■ Problem description ■
Output a character-exact copy of the data, images removed.

■ Input data ■

◇ ◇ ◇

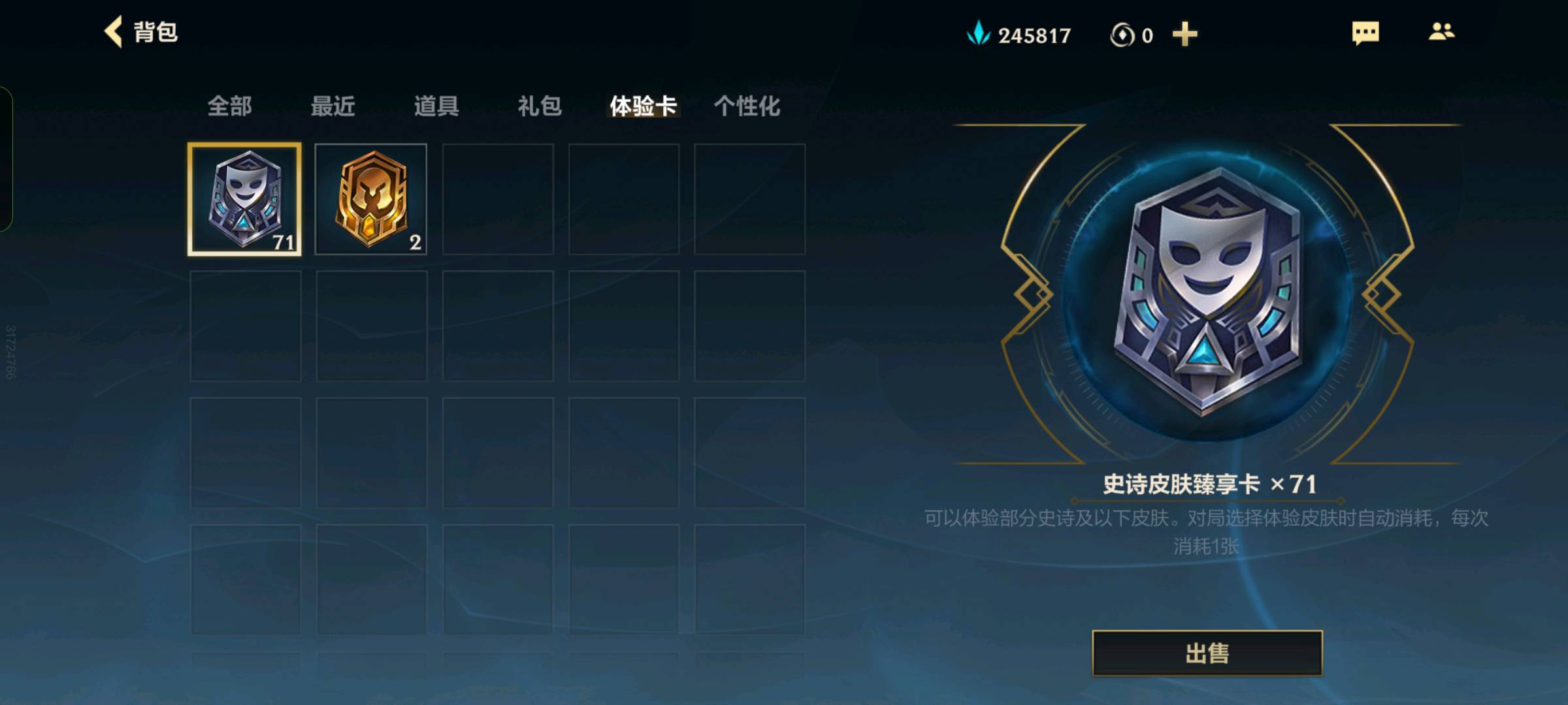 除了排位保护卡,史诗皮肤体验卡,经验金币加成卡,语音体验包,回城特效体验卡,皮肤体验礼包您随便用以外,其他的道具还请您不要乱动,(号主辛苦攒了好久)。
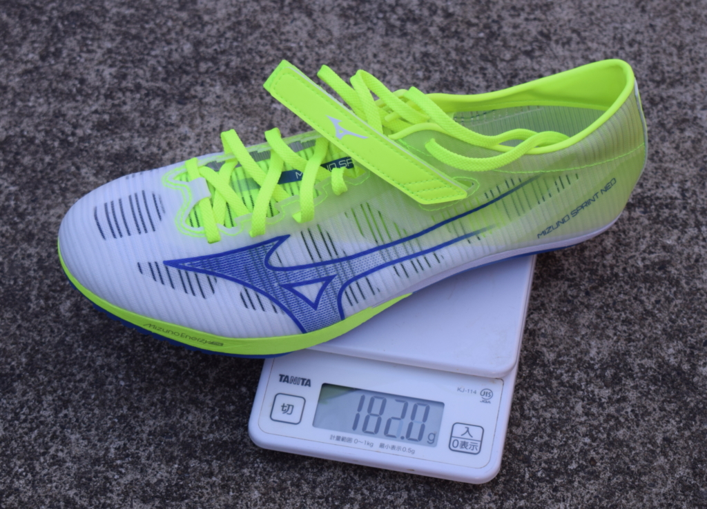 ミズノスプリントネオの公称値は27.0cmで約175gです。実測では28.0cmで182gでした。
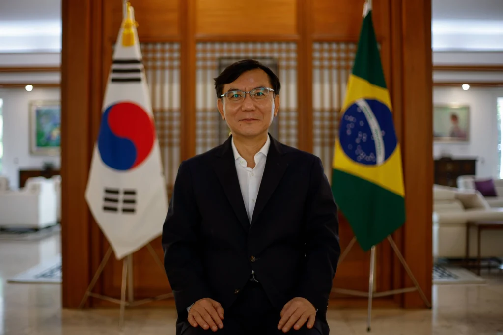 Lim Ki-mo queria se preparar para responder em português, idioma que pratica há três anos, desde que se mudou para o Brasil. Ele é o representante oficial da Coreia do Sul no país e ainda não se sente plenamente confortável para conversar na língua —algo que ninguém diria ao vê-lo entoando versos de clássicos do samba e da MPB.

◇ ◇ ◇

■ Result ■
 除了排位保护卡,史诗皮肤体验卡,经验金币加成卡,语音体验包,回城特效体验卡,皮肤体验礼包您随便用以外,其他的道具还请您不要乱动,(号主辛苦攒了好久)。
 ミズノスプリントネオの公称値は27.0cmで約175gです。実測では28.0cmで182gでした。
 Lim Ki-mo queria se preparar para responder em português, idioma que pratica há três anos, desde que se mudou para o Brasil. Ele é o representante oficial da Coreia do Sul no país e ainda não se sente plenamente confortável para conversar na língua —algo que ninguém diria ao vê-lo entoando versos de clássicos do samba e da MPB.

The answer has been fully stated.